• Data for analysis
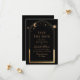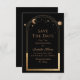 Celestial Black Save The Date Anniversaire Quinceanera Invitation présente un cadre doré, lune et étoiles sur un arrière - plan noir. À l'intérieur est votre Quinceanera personnalisée enregistrer les informations de date. Personnalisez en modifiant le texte dans les zones de texte. Conçu pour vous par ©2024 Evco Studio www.zazzle.com/store/evcostudio
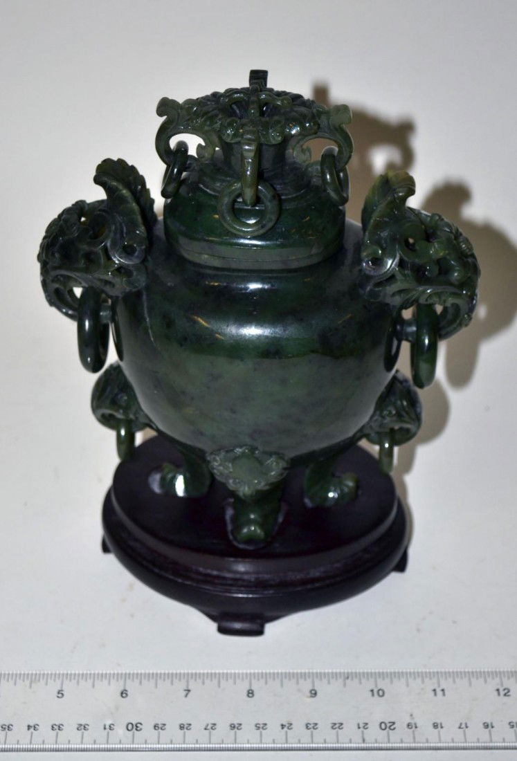 Chinese Carved Spinach Jade Censor on Stand
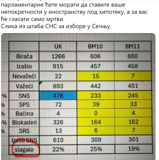Studenti Pravnog fakulteta u Novom Sadu objavili su tabelu za koju tvrde da potiče iz SNS-a, a na kojoj je zabeleženo koliko ih je građana koji su im na nedavnim izborima u Sečnju obećali glas – na kraju prevarilo. Iz prikazanih podataka proizlazi da je reč o čak 22 odsto.
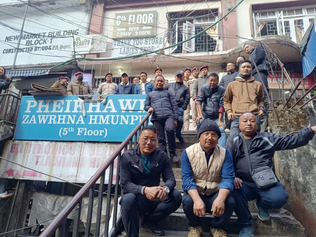 Central YMA office bearer te kaihhruaia group 5 a inthenin Chanmari atanga Sipai Lammual hmar lam gate inkar, bazar leh a chhehvel fangkualin halpuah leh halmawi zuar an awm leh awm loh an enfiah a. Dawrkaite chu sawrkar phal loh thil halmawi chi hrang hrang zuar lo turin an ngen kual nghal bawk.
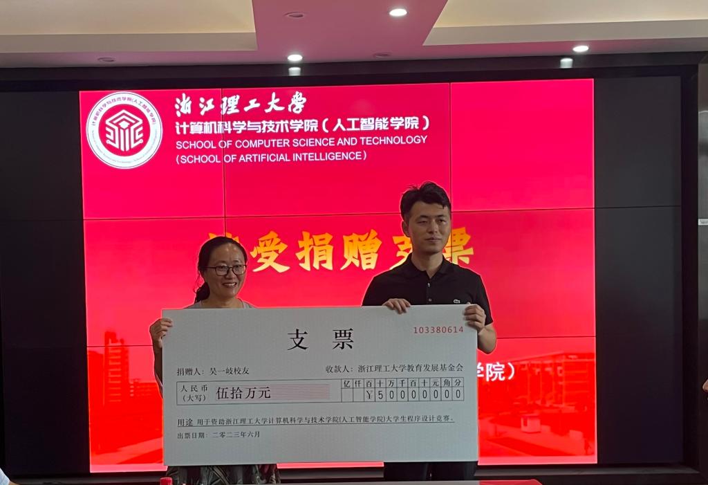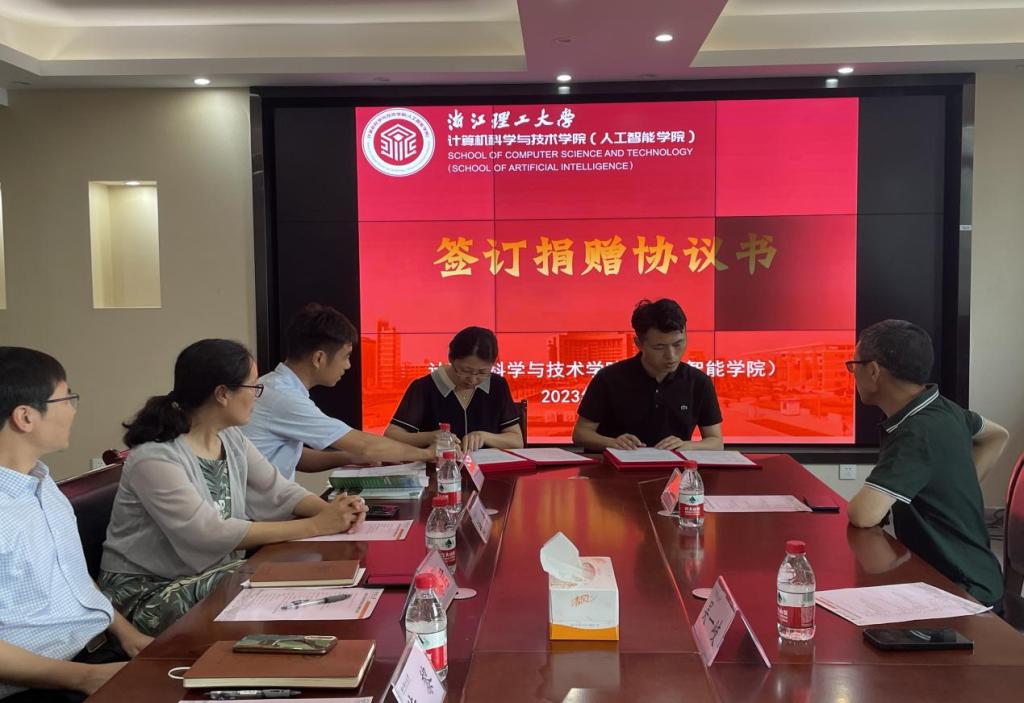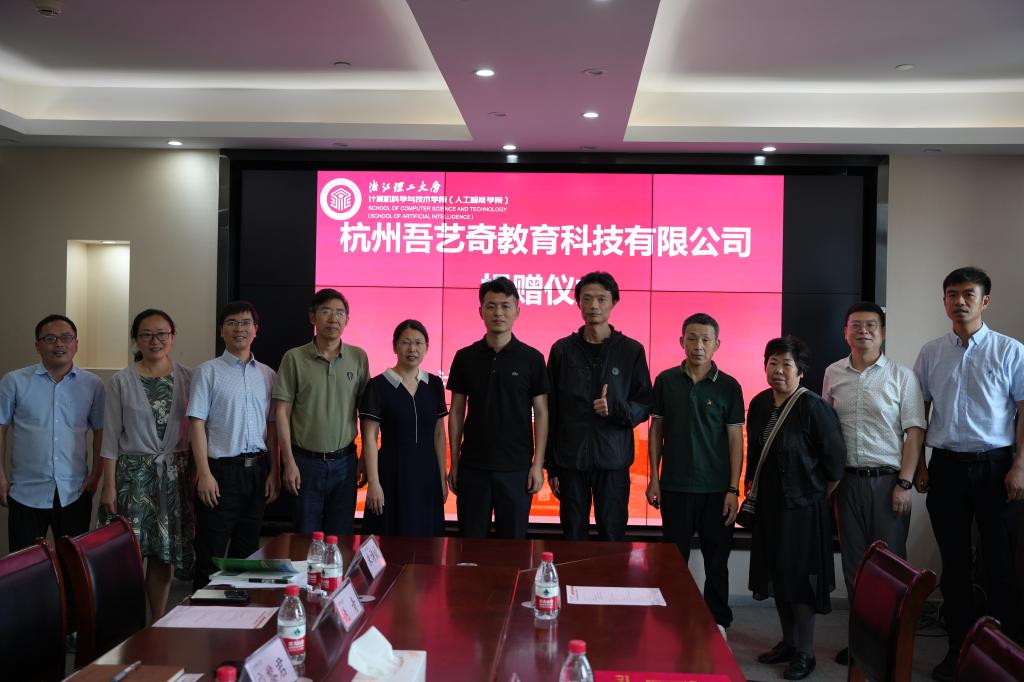6月14日下午,杭州吾艺奇教育科技有限公司向tyc33455cc太阳集团成网官方入口教育发展基金会捐赠仪式在25号楼904会议室举行。杭州吾艺奇教育科技有限公司创始人、2010级计算机科学与技术专业校友吴一岐及家属、总经理助理杜洋,校对外联络办公室(校友办)副主任应黎君、计算机学院党委书记黄黎、院长丁佐华、副院长姚青、院党委副书记丁宁、计算机系专业教师叶海荣等出席了仪式。仪式由院校友联络中心主任朱诗威主持。
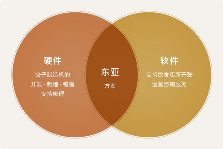 饺子,是藏有无限可能的一款产品。东亚工业是以饺子为中心的商业方式 - “东亚方案”,支持贵店的独特魅力以及创新理念。东亚方案的最大特点是,本公司也实际开店·运营饺子专门店以及饺子制造工厂,并将这些诀窍毫无保留地提供给客户。
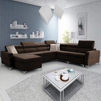 Narożnik z funkcją spania Rava VII brązowy lewostronny praktyczny i nowoczesny narożnik do salonu z regulowanymi zagłówkami
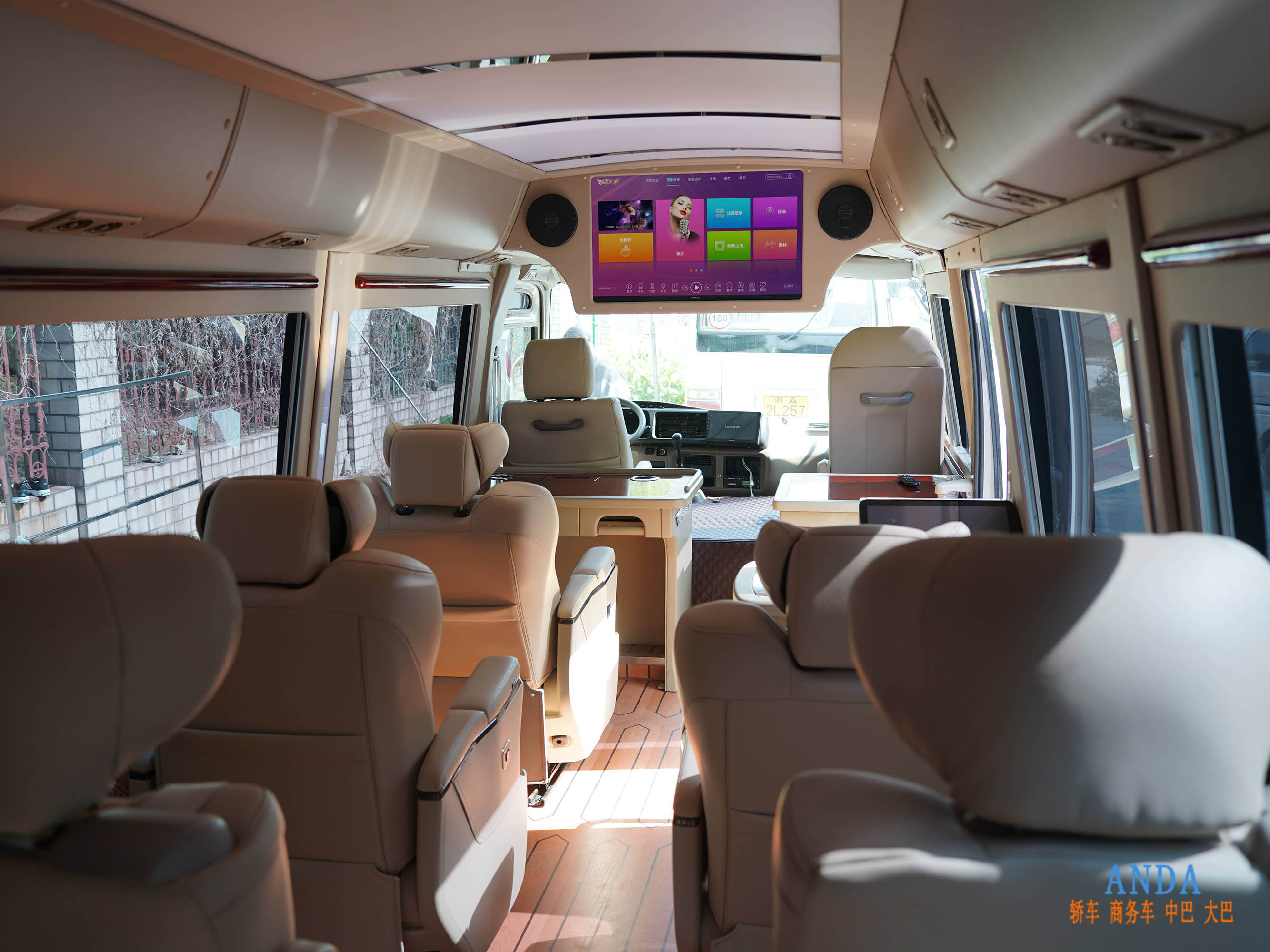 車輛配置風(fēng)冷無(wú)霜超大靜音冰箱、座駕直控區(qū)域空調(diào)、全色域2.5K60HZ超高清智能電視、KTV點(diǎn)歌系統(tǒng)觸摸屏、智能三色無(wú)極變光護(hù)眼幕布式吸頂燈、聯(lián)動(dòng)式燈帶、頭等艙式可旋轉(zhuǎn)36點(diǎn)位按摩座椅、高環(huán)保級(jí)愛(ài)格實(shí)木地板、電動(dòng)升降隱私窗簾,另有配置長(zhǎng)柄抗風(fēng)雨傘、48V插座、安卓蘋(píng)果充電器、綠聯(lián)快充充電線、3.1HDMI數(shù)據(jù)線、3.1USB延長(zhǎng)線以及話筒等物品可免費(fèi)使用。全車共15個(gè)座位,乘客座位為13個(gè),可出省旅游用車、上海市內(nèi)包車、機(jī)場(chǎng)接送給等。
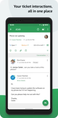 The app is not nearly as good as the freshdesk app, but is passable for small ticket chains. However, as soon as you have a large ticket, with lots of replies, it crashes and freezes almost constantly when trying to reply. I'm using a flagship android phone, so I'd expect the phone to be able to handle anything. But I expect the app is designed inefficiently in that it loads all previous responses on the ticket when you try to reply and this is probably too much for the phone to handle.
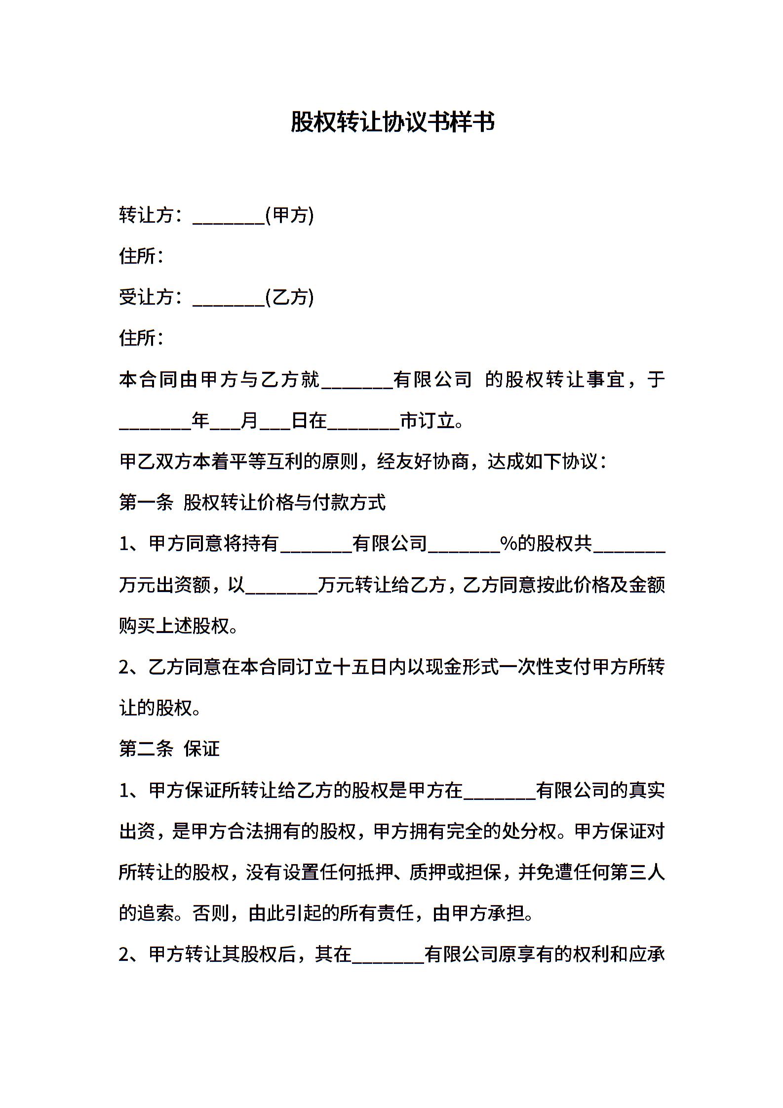 股权转让协议书样书
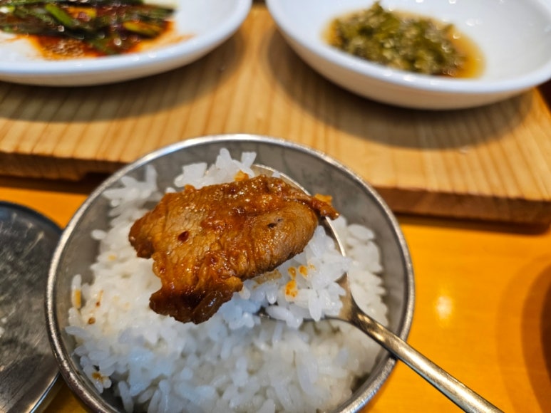 제육볶음 또한 화덕고등어구이 2인 주문하고 추가하면 8,000원에 먹을 수 있기때문에 반찬 더 먹는다 생각하고 주문했다. 금등어가 고등어만 맛있는 게 아니고 제육볶음도 맛있다. 고등어도 먹고 고기도 먹고 괜찮은 선택이다.
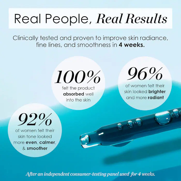 - While improving the appearance of wrinkles, redness, and pores for visibly younger-looking skin
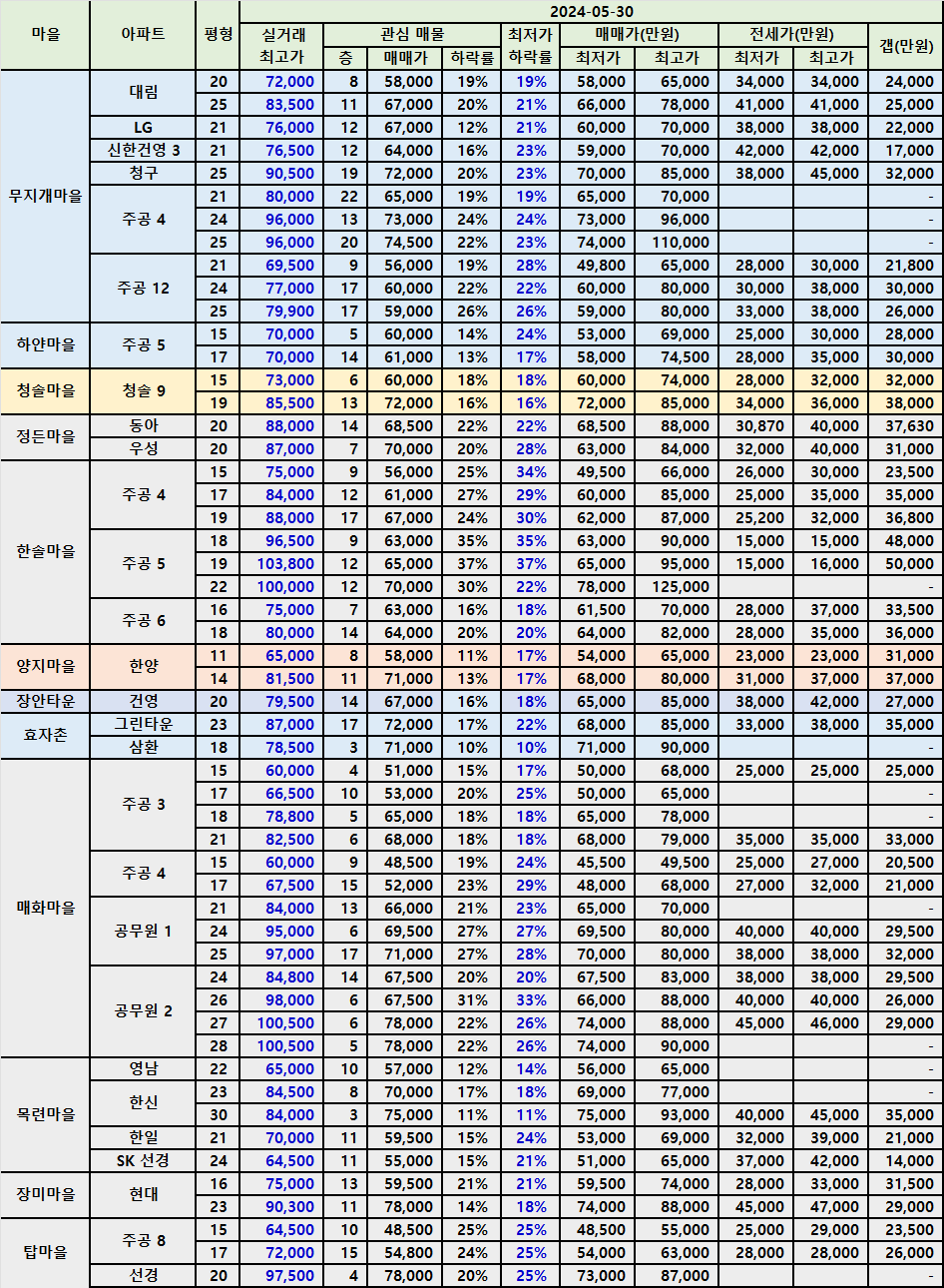 매매 흔적이야 이제는 언급할 필요조차 없고, 일부 단지의 경우 15% 이상 하락한 매물이 상당히 많았는데, 이번 달 정리에서는 최저가가 7%였습니다.

• Exercise details
The final stretch of the data, from the line with "- While improving" through its last line, is to be retyped exactly; pictures are not part of the copy.

• Written response
 - While improving the appearance of wrinkles, redness, and pores for visibly younger-looking skin
 매매 흔적이야 이제는 언급할 필요조차 없고, 일부 단지의 경우 15% 이상 하락한 매물이 상당히 많았는데, 이번 달 정리에서는 최저가가 7%였습니다.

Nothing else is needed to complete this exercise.